Still Not A Bear Market, Yet

Right now, there is a lot of fear and panic on Wall Street. It looks and feels bad. Yesterday seemed to amplify those fears even more. The Dow fell over 2,000 points for the first time ever. It was a headliner type day.

You can’t brush a day like that aside and say, “It was no big deal.” It is a big deal. The 7.6% decrease was the worst day for stocks since 2008. And it was the 24th worst day ever recorded. And this comes on the heels of two of the wildest weeks I can remember in my 24 years as a financial planner.

It feels really bad. The “fear index” reached its highest level since the Great Recession. Volatility is extreme.

Still not a bear market

Still Not A Bear Market

But here’s the thing that hasn’t gained traction in the financial media. This is still not a bear market, yet.

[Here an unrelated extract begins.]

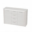 Комод оснащен четырьмя выдвижными ящиками на роликовых направляющих и двумя вместительными отделениями за распашными дверцами.

And “yet” is important. Year to date the stock market has dropped 15%. From it’s high in late February, prices have dropped 18.8%. We don’t find the bear until prices drop 20%.

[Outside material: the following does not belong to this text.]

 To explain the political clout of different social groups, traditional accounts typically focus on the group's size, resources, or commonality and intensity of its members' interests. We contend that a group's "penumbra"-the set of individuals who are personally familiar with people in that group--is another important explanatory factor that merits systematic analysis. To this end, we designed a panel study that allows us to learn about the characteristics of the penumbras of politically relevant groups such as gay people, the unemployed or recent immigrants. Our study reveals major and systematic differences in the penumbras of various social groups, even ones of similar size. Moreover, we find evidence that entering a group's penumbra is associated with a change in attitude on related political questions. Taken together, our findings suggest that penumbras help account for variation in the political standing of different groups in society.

I say “yet,” because we could easily find the bear’s den in the next few days. I believe it is more likely than not. But there is always a chance we don’t cross that line for a while, if at all.

STill Not a bear market

The Second Hardest Thing To Do...

This is the unpleasant part of being an investor. Riding through the waves of big down days and big up days. “It feels like we are riding The Beast at Kings Island,” as one client put it. That’s a pretty good analogy.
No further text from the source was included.